If your elbows flare out at 90-degrees, the bar will hit the body around the middle of the chest. This will take the bar out of the midfoot-line, affecting your stability. As the elbows flare out, the load will shift more from the lats to the posterior deltoid.
Fix- To keep the elbows at a proper angle you have to keep 2 things in mind.
1. Focus on keeping the bar-path in a straight line over the midfoot.
2. Be aware that the bar is hitting the body around the upper abdomen region.
3. Rounding of the shoulders
The pulling of the bar should be forceful, but the lowering of the bar should not look like a free-fall.
If you let the gravity pull down the weights, the movement will stop with a jerk at the bottom. This will strain the shoulder joints.
Also, the jerk will lead to the rounding of the shoulders, making you lose the retracted shoulder position.

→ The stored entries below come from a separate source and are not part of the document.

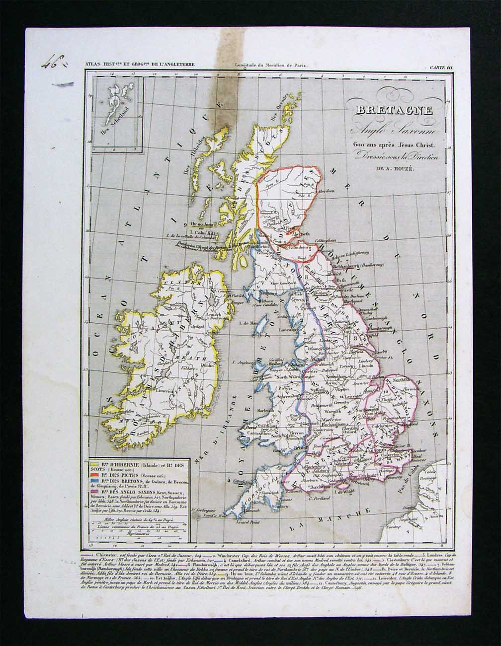 Description: It is an authentic engraved antique map approximately 165 years old with original handcolor outlining. It is from Houze's Atlas Universel Historique et Geographique (Paris: Dumenil, 1841). A copy of the Atlas title page with date is included for authenticity. The name of A. Houze appears in the title block, under whose directions the maps were designed and engraved. It is being sold as a single sheet, not mounted, matted nor framed, basically as seen in the pic, photographed against a dark background so you can see all the edges and actual condition. The map was actually printed in 1841, but depicts an earlier historical period, prepared by Houze, a member of the Societe de Geographie in Paris. A great map for anyone interested in this historical period. Overall a very nice example printed on strong paper with original handcolor in great shape.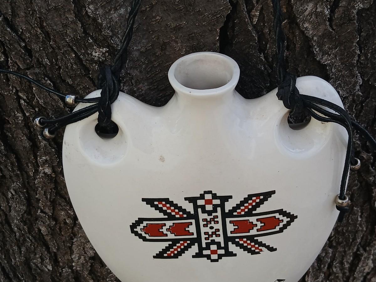 Native American design wall art pottery vase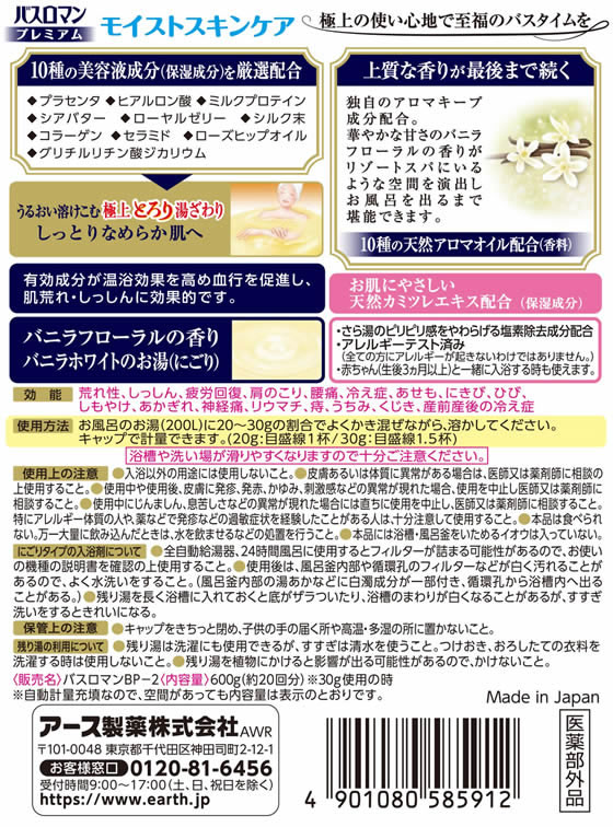 アース製薬 バスロマン プレミアム モイストスキンケア 600g 1個(ご注文単位1個)【直送品】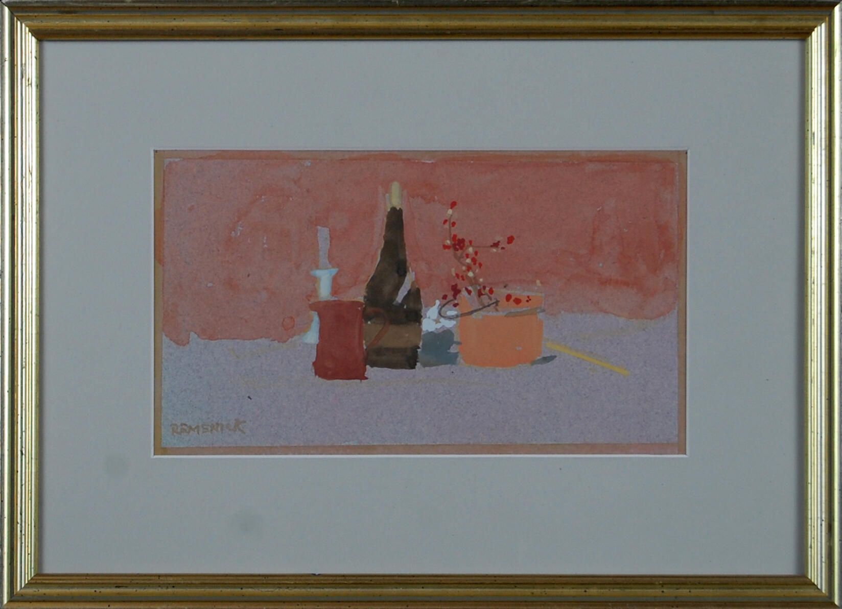 Against a pale pink lower ground and a coral-colored upper one, the artist has depicted several small objects including a tall dark bottle, a white candlestick with a candle, several additional small containers and red berries on branches.Dimensions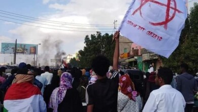 شاهد بالصورة. متظاهر بالخرطوم يرفع علماً غريباً “مثير للجدل” ومراقبون يفسرون مغزاه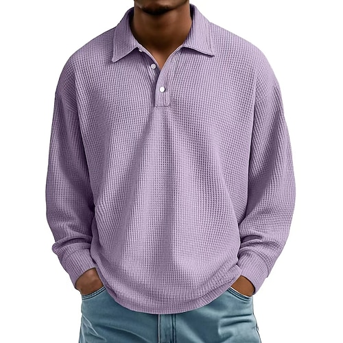 Per uomo Magliette Polo a Nido d'Ape Maglia da golf Lavoro Casuale Bavero Manica Lunga Essenziale Moderno Semplice Trama Bottoni Primavera Autunno Vestibilità regolare Nero Bianco Blu marino Grigio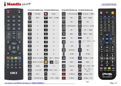 Ein Dokument ist enthalten, um die Verwendung der neuen Fernbedienung zu erleichtern, indem es die Tastenbelegung zeigt.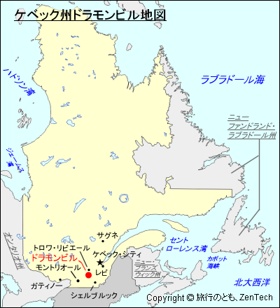 南部ケベック地方におけるドラモンビルの場所が判る地図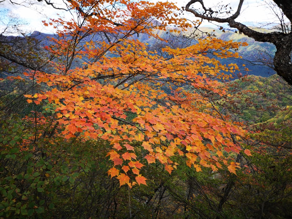 Here, the trail was buried under dead leaves and would have been hard to follow, if it weren’t for rope attached to nearby trees. I soon emerged from the trees and was greeted with a spectacular view on the northwest side. To my right, I had a better view of the snowy summit of Mt Hotaka, framed by mountain cherry trees. On the west side, I could once again see Mt Mitsumine and Mt Tanigawa. As I descended this valley surrounded by snow-capped mountains, I almost felt like I was walking in the Swiss Alps.

A round shoulder means a loose lats. And the loose lats can never work at its highest capacity.
Fix – Lower the bar in control till your elbows lock out. No shoulder movement should occur after the elbows lock out.
Consciously retract your shoulder blades before each rep.
4. Trying to look up in the mirror
Looking up in the mirror while doing the bent over rows places the neck in hyperextension. This is an unsafe position for the neck as it compresses the disks between the cervical spine.
Fix- Look at the floor, 5-6 feet in front of you. This will keep the neck in a neutral position.
5. Excessive body movement
This mistake happens when you try to add weights that are way beyond your capabilities. You know you will be unable to lift it with a proper form, but your big ego won’t let you cut back on the weights. So you cheat, by using the momentum rather than the muscle strength.
Instead of pulling the weights using your elbows, you raise your body to get the bar moving. And still, you are unable to bring the weights all the way up. Now, to make contact with the bar, you drop your body to meet the bar half-way.
This excessive movement won’t create the necessary stress on the back muscles, as the bar has traveled half-range. Dropping down your body takes the muscle’s work away from the hardest part of the movement.
Fix – To lift heavier weights, you are allowed to raise your body 15 to 20 degree above horizontal. This will engage the hip muscles to get the movement started.
But do not let your body drop down below parallel, to meet the bar. Cut back on the weights if this is happening.
To get the most out of this exercise, you have to perform each rep with proper form. Always use weights that allow you to complete 8 to 10 reps in full range. Remember, if the bar is not hitting your body in every rep it is not a complete range.